Settlers Cabin Park is a 1,610 acre county park in Allegheny County, Pennsylvania, United States. The park spans Collier, North Fayette, and Robinson townships and is part of the Allegheny County park system.

==History==
The park is named for the Walker-Ewing-Glass Log House, a log house dating to the late 18th century located within the park. Archaeological work at the log house site was carried out by Jacob Grimm, an avocational archaeologist and research associate affiliated with the Carnegie Museum of Natural History.

The themes of the eleven picnic groves in this park are derived from the names of Indigenous peoples of the Americas: Algonquin, Seneca, Apache, Tomahawk, etc.

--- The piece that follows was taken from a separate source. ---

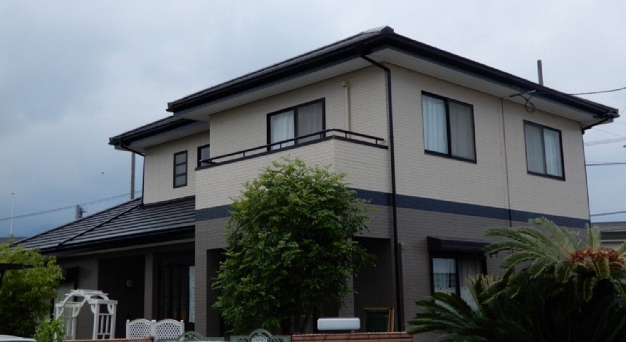 お建てになられて24年が経ち、建てられたハウスメーカーからも外壁塗り替えのお話がありご検討されていたそうですが、色の種類が少ない事と2色使いが出来ないとの事でお悩みになられていました。また金額的にも300万円近い提示があり高いと感じられていたそうです。三和ペイントでお色のご希望をお伺いし色分け方法のご提案をさせて頂き、お家だけではなく門扉やフェンス部分も艶消しの特色で塗装させて頂きました。
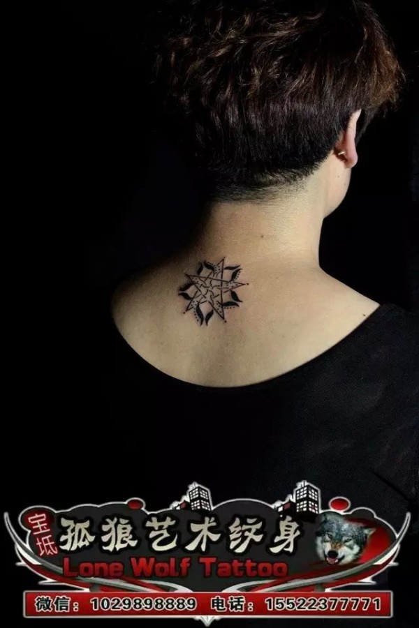 后颈部纹身小图--9张女生脖子后颈处的简约纹身图案

==Geography and features==
Settlers Cabin Park is located west of Pittsburgh.
The park includes a wave pool and a diving platform, along with other recreational facilities such as trails, playgrounds, tennis courts, basketball courts, and an off-leash dog park.

The park has multiple reservable picnic shelters, including shelters named Algonquin, Apache, Cayuga, Chippewa, Iroquois, Mingo, and Seneca.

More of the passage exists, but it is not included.